__DATA FOR THIS EXERCISE__
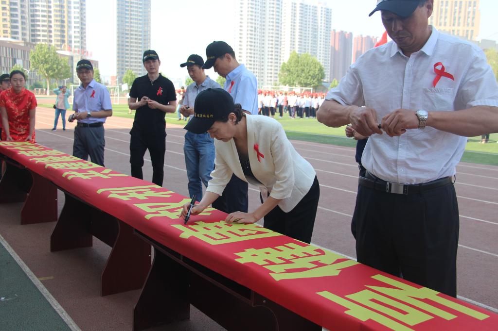 活动期间,我校学生代表常层层带领与会大学生庄严宣誓、彰显出大学生志愿防艾的决心;学生代表程子鹏致防艾倡议书,誓做防艾工作的践行者;与会领导、老师和学生代表在横幅上签名并写下对青年防艾工作的寄语。
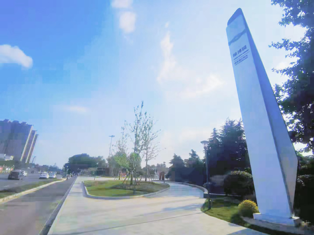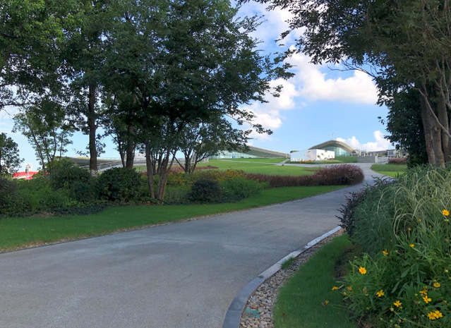 綠博園東入口項目在綠植選用上注重運用彩葉樹種,中山紅、佛甲草、南天竹等彩葉喬灌木,襯托在綠茵茵的草坪上,增強了觀賞效果。大面積的花崗巖鋪裝,弧形路牙石花壇、多色植物搭配,形成了空間開闊、環(huán)境優(yōu)美的公園出入口景觀。
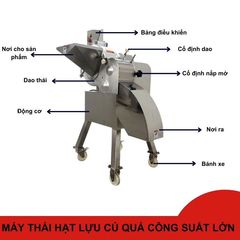 Thiết bị hoạt động bằng hệ thống lưỡi dao sắc bén, giúp cắt nhanh, chính xác và giảm thiểu hao hụt nguyên liệu.
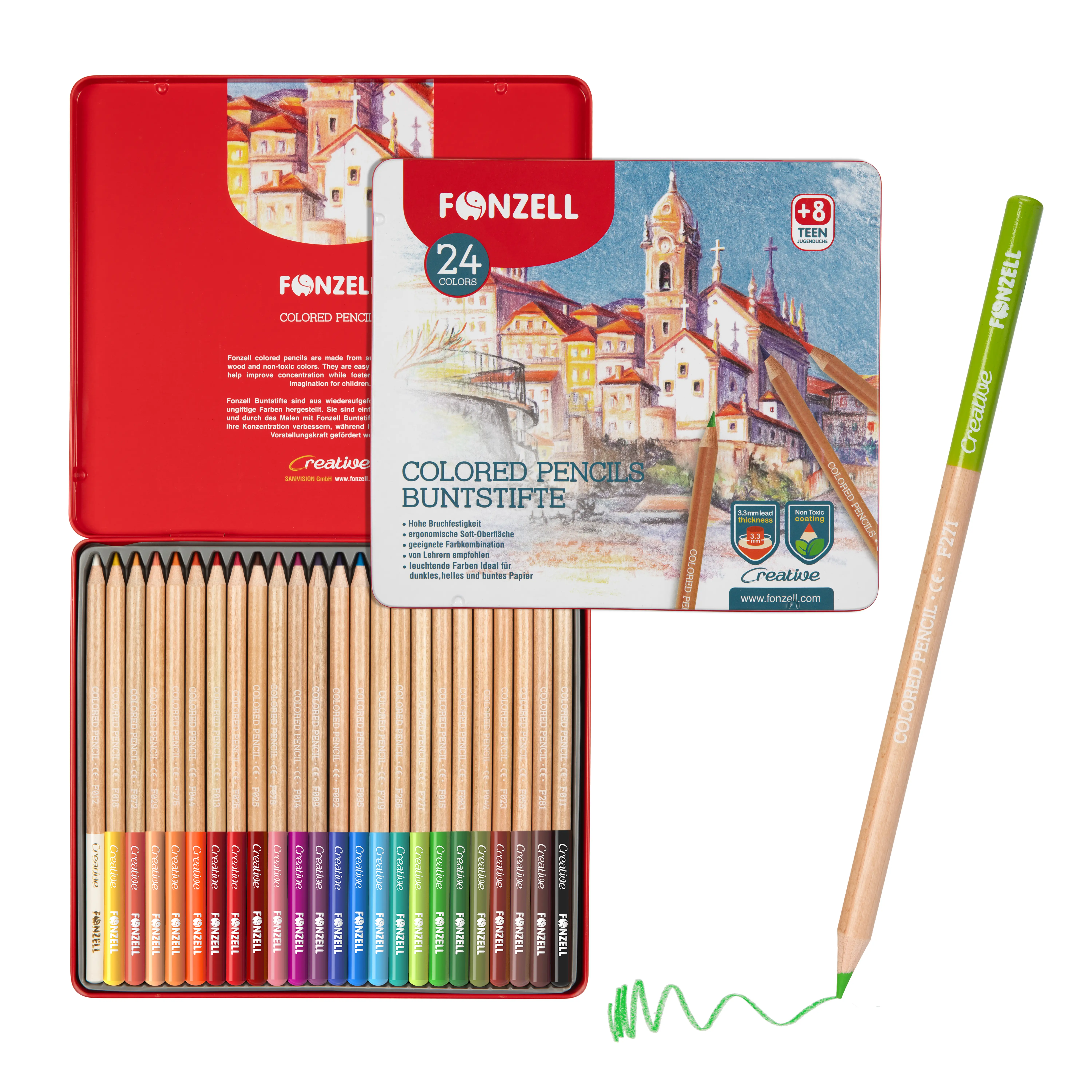 Buy 12+ items and get 40% offDive into a vibrant spectrum of creativity with Fonzell Colored Pencils, meticulously crafted for artists of all ages. Housed in a sleek and sturdy metal tin, this set of 24 pencils combines rich, vivid colors with a smooth, buttery texture that brings every stroke to life.
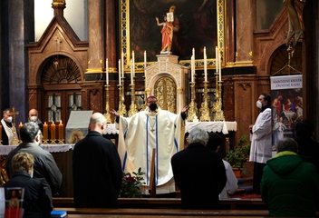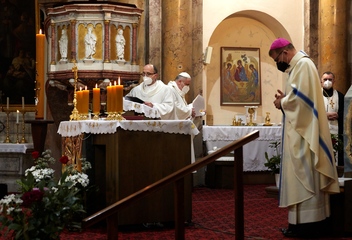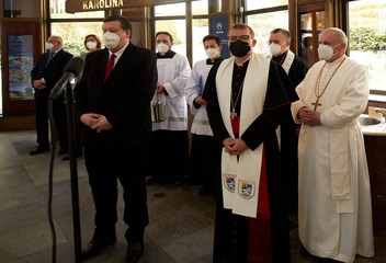 Žehnání pramenů s biskupem Tomášem v Mariánských Lázních
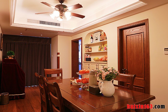 美式风格的居室装修比较讲求艺术感,空间的整体装饰效果一般可以带给人们一种大气之势,但内部的细节装饰中却可以透露出一丝时尚感,也可以通过装饰物品来展示出文化底蕴与艺术特色。 本套餐厅装饰效果带给我们的第一感觉便是自然,空间内的装饰色彩比较素雅,家具的款式也并没有过多的造型点缀,整体的装饰都以自然的姿态展现在我们面前,这样的装饰似乎更受年轻人追捧。 更多»推荐家装效果图
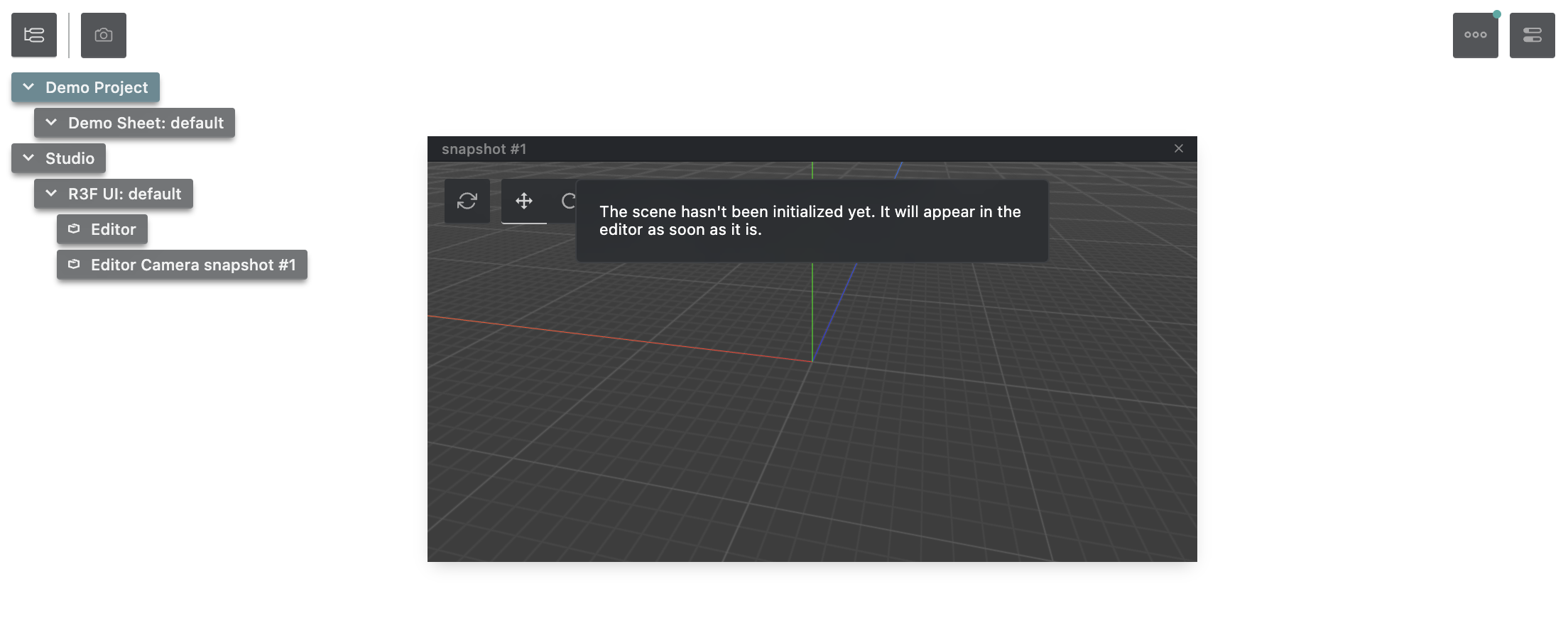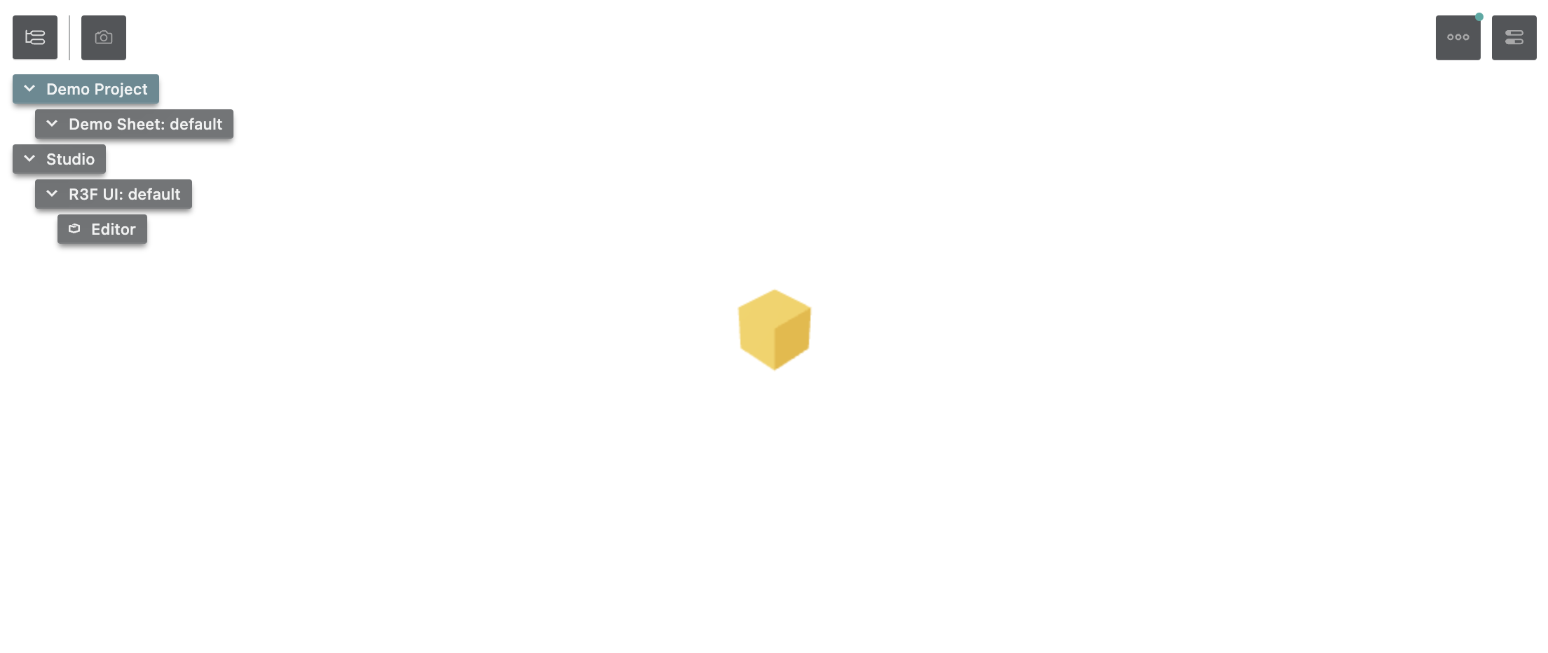 After extending Theatre.js with the r3f extension, a new button will appear in the top left of the UI:
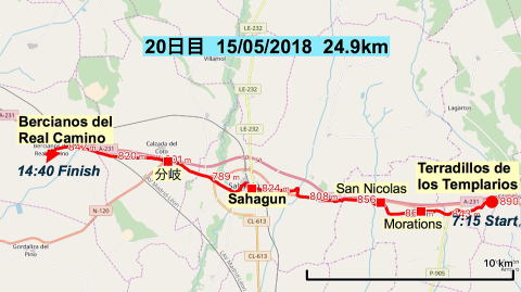 Terradillos 7:15〜Moratinos 8:15〜San Nicolas 8:55〜Sahagun 11:10〜分岐 13:00〜Bercianos del Real Camino 14:40 |
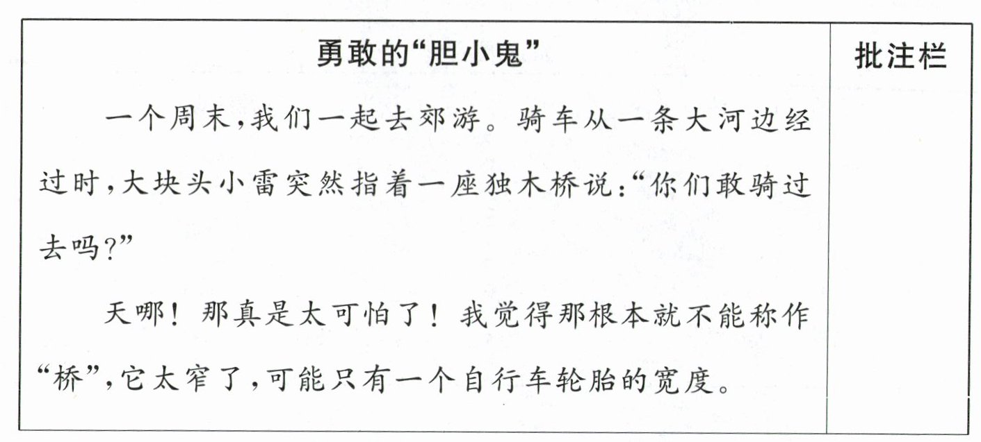 6. 经过一段时间的学习,我们基本掌握了批注的阅读方法。默读《勇敢的"胆小鬼"》,试着从不同的角度批注,写在批注栏中。
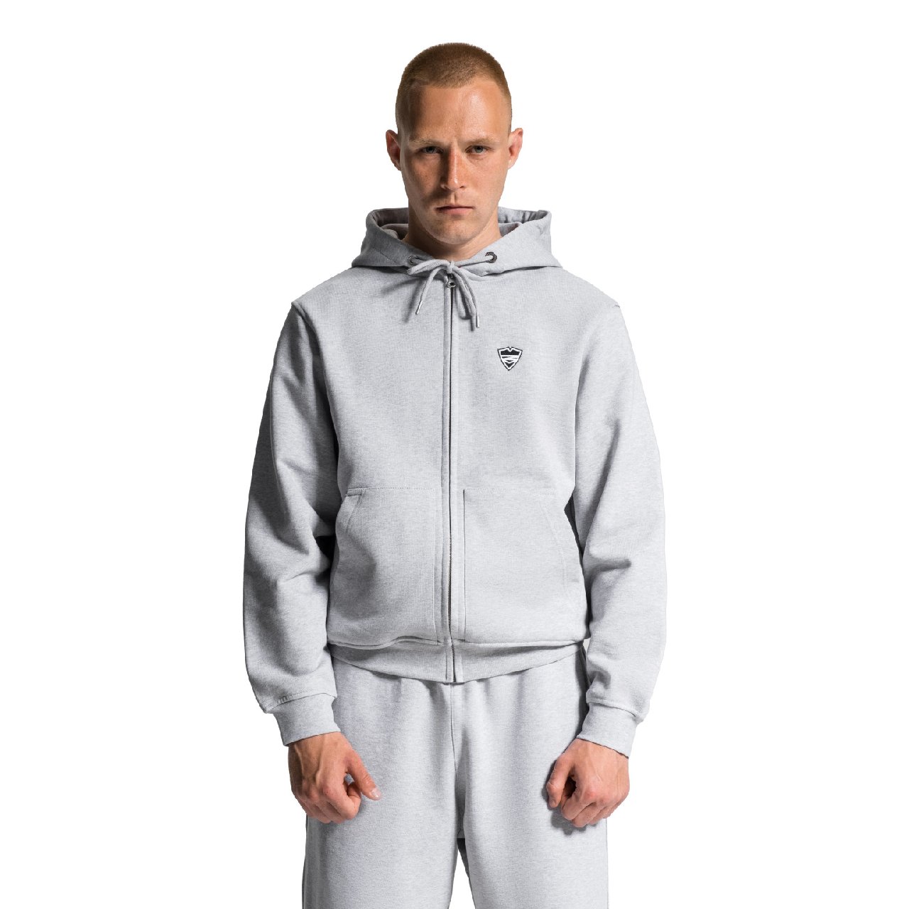 Зип-худи свободного кроя выполнено из хлопкового футера повышенной плотности без начеса.
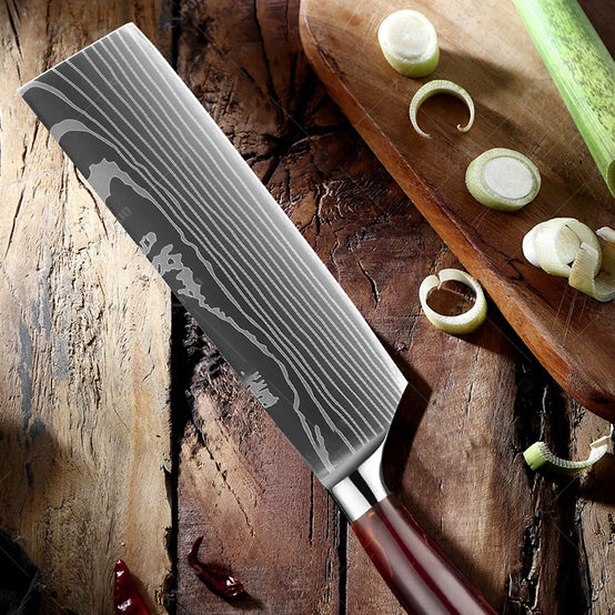 7 CR17 Stainless steel blade,surface laser Damascus pattern
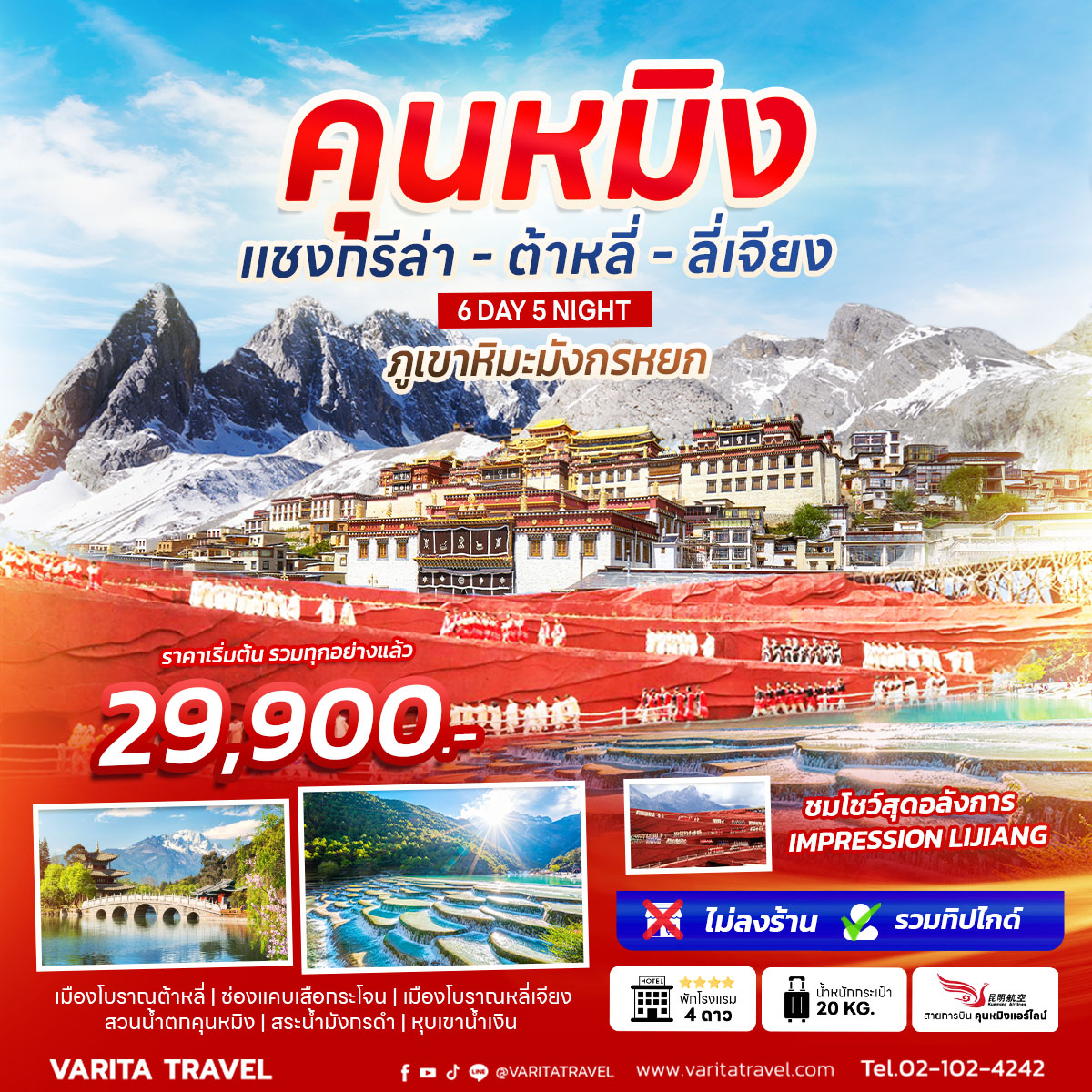 ทัวร์จีน คุนหมิง-เเชงกรีล่า 6 วัน 5 คืน KY

__AIM OF THE EXERCISE__
Starting at the line that contains "Terradillos 7:15〜Moratinos 8:15〜San", write out every line through the end of the entries above exactly, and omit the pictures.

__EXERCISE ANSWER__
 Terradillos 7:15〜Moratinos 8:15〜San Nicolas 8:55〜Sahagun 11:10〜分岐 13:00〜Bercianos del Real Camino 14:40 |
 6. 经过一段时间的学习,我们基本掌握了批注的阅读方法。默读《勇敢的"胆小鬼"》,试着从不同的角度批注,写在批注栏中。
 Зип-худи свободного кроя выполнено из хлопкового футера повышенной плотности без начеса.
 7 CR17 Stainless steel blade,surface laser Damascus pattern
 ทัวร์จีน คุนหมิง-เเชงกรีล่า 6 วัน 5 คืน KY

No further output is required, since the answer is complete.